Colonel Jonathan Trumbull Warner, master of Warner's Ranch, later the property of John G. Downey, and known—from his superb stature of over six feet—both as Juan José Warner and as Juan Largo, "Long John," returned to Los Angeles in 1857. Warner had arrived in Southern California, on December 5th, 1831, at the age of twenty-eight, having come West, from Connecticut, via Missouri and Salt Lake, partly for his health, and partly to secure mules for the Louisiana market. Like many others whom I have known, Warner did not intend to remain; but illness decided for him, and in 1843 he settled in San Diego County, near the California border, on what (later known as Warner's Ranch) was to become, with its trail from old Sonora, historic ground. There, during the fourteen years of his occupancy, some of the most stirring episodes of the Mexican War occurred; during one of which—Ensign Espinosa's attack—Don Juan having objected to the forcible searching of his house, he had his arm broken. There, also, António Garra and his lawless band made their assault, and were repulsed by Long John, who escaped on horseback, leaving in his wake four or five dead Indians. For this, and not for military service, Warner was dubbed Colonel; nor was there anyone who cared to dispute his right to the title. In 1837, Juan married Miss Anita Gale, an adopted daughter of Don Pio Pico, and came to Los Angeles; but the following year, Mrs. Warner died. Warner once ran against E. J. C. Kewen for the Legislature but, after an exceedingly bitter campaign, was beaten. In 1874 Warner was a notary public and Spanish-English interpreter. For many years his home was in an orchard occupying the site of the Burbank Theater on Main Street. Warner was a man of character and lived to a venerable age; and after a decidedly arduous life he had more than his share of responsibility and affliction, even losing his sight in his declining years.

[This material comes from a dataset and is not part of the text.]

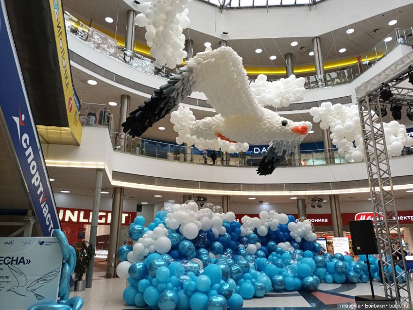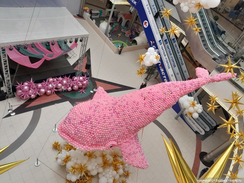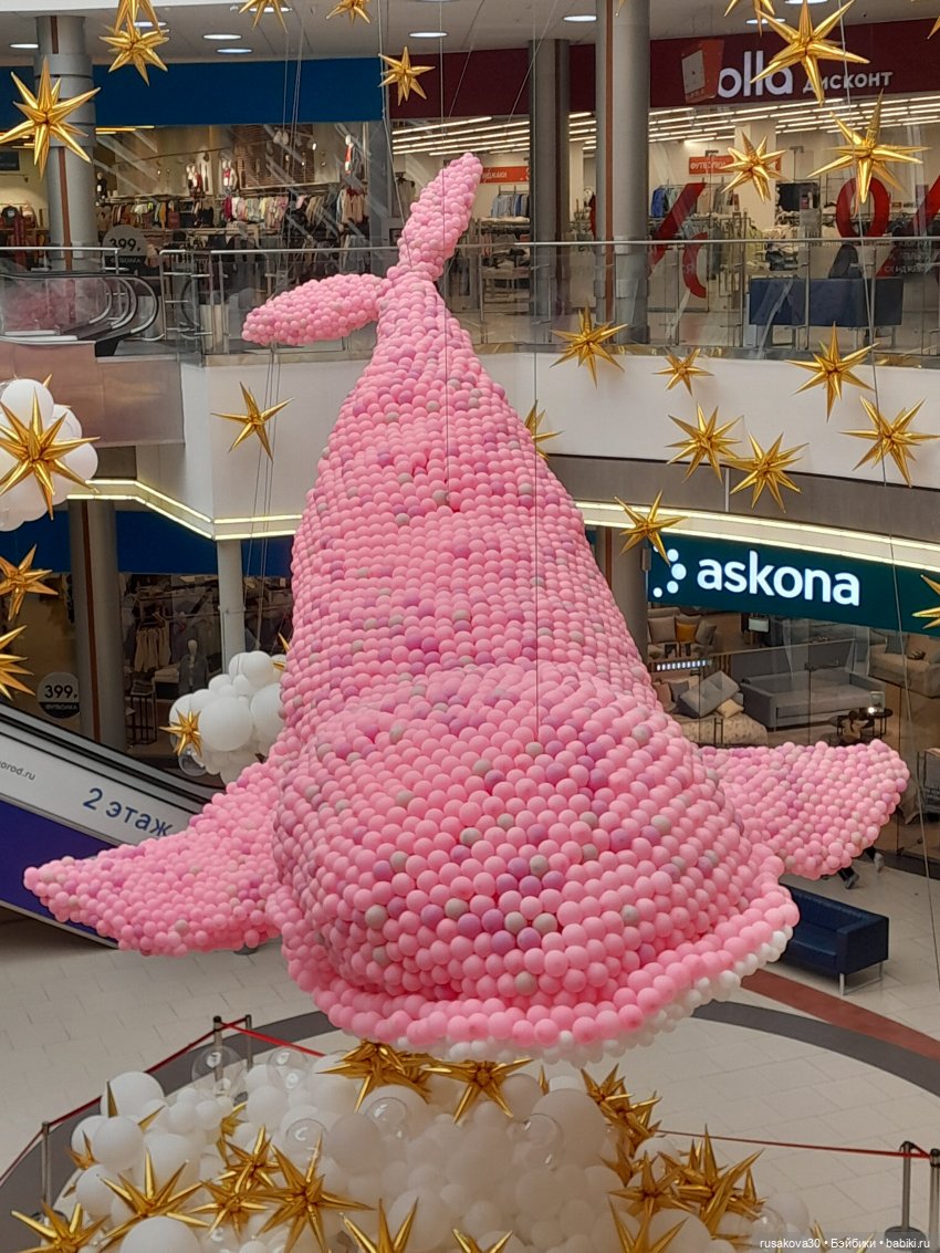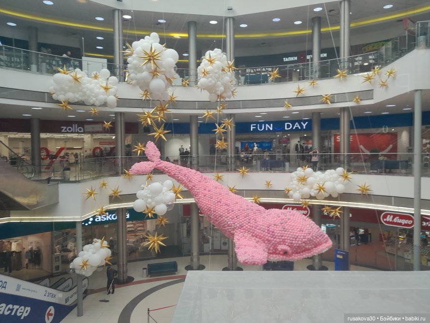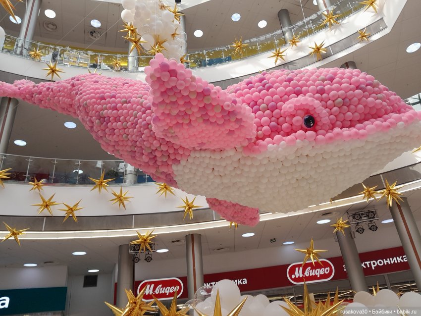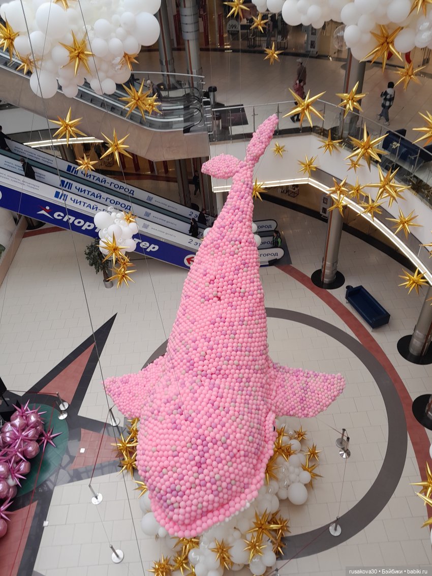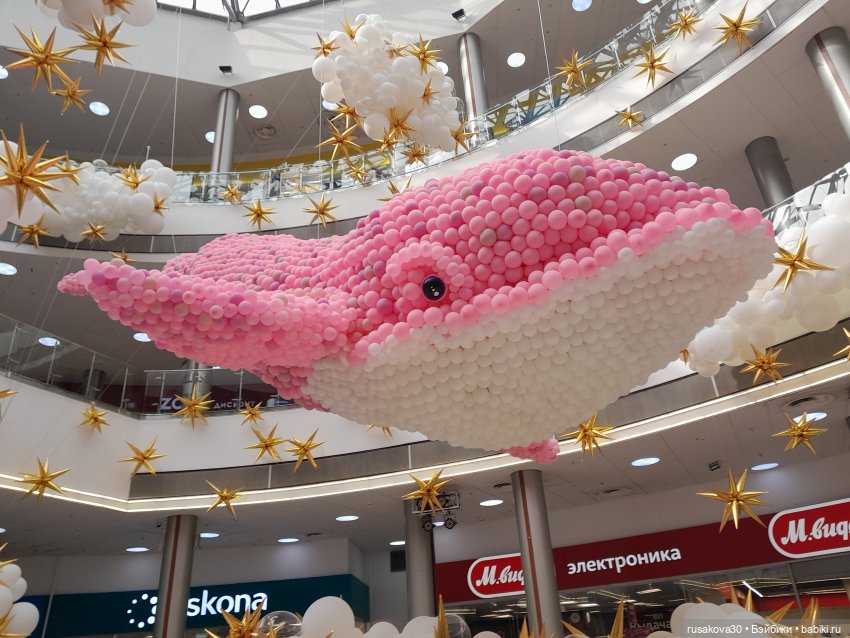 Небывалая для Новосибирска инсталляция из 60 000 воздушных шаров появилась в ТРЦ «Сибирский Молл» — 10-метровый розовый кит.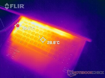 (+) Den maximala temperaturen på ovansidan är 36.2 °C / 97 F, jämfört med genomsnittet av 35.9 °C / 97 F , allt från 21.4 till 59 °C för klassen Subnotebook.

William Wolfskill, who died on October 3d, 1866, was another pioneer well-established long before I had even thought of California. Born in Kentucky at the end of the Eighteenth Century—of a family originally of Teutonic stock (if we may credit a high German authority) traced back to a favorite soldier of Frederick the Great—Wolfskill in 1830 came to Los Angeles, for a short time, with Ewing Young, the noted beaver-trapper. Then he acquired several leagues of land in Yolo and Solano counties, sharing what he had with his brothers, John and Mateo. Later he sold out, returned to Los Angeles, and bought and stocked the rancho Lomas de Santiago, which he afterward disposed of to Flint, Bixby & Company. He also bought of Corbitt, Dibblee & Barker the Santa Anita rancho (comprising between nine and ten thousand acres), and some twelve thousand besides; the Santa Anita he gave to his son, Louis, who later sold it for eighty-five thousand dollars. Besides this, Wolfskill acquired title to a part of the rancho San Francisquito, on which Newhall stands, disposing of that, however, during the first oil excitement, to the Philadelphia Oil Company, at seventy-five cents an acre—a good price at that time. Before making these successful realty experiments, this hero of desert hardships had assisted to build, soon after his arrival here, one of the first vessels ever constructed and launched in California—a schooner fitted out at San Pedro to hunt for sea otter. In January, 1841, Wolfskill married Doña Magdalena Lugo, daughter of Don José Ygnácio Lugo, of Santa Bárbara. A daughter, Señorita Magdalena, in 1865 married Frank Sabichi, a native of Los Angeles, who first saw the light of day in 1842. Sabichi, by the way, always a man of importance in this community, is the son of Mateo and Josefa Franco Sabichi (the mother, a sister of António Franco Coronel), buried at San Gabriel Mission. J. E. Pleasants, to whom I elsewhere refer, first made a good start when he formed a partnership with Wolfskill in a cattle deal.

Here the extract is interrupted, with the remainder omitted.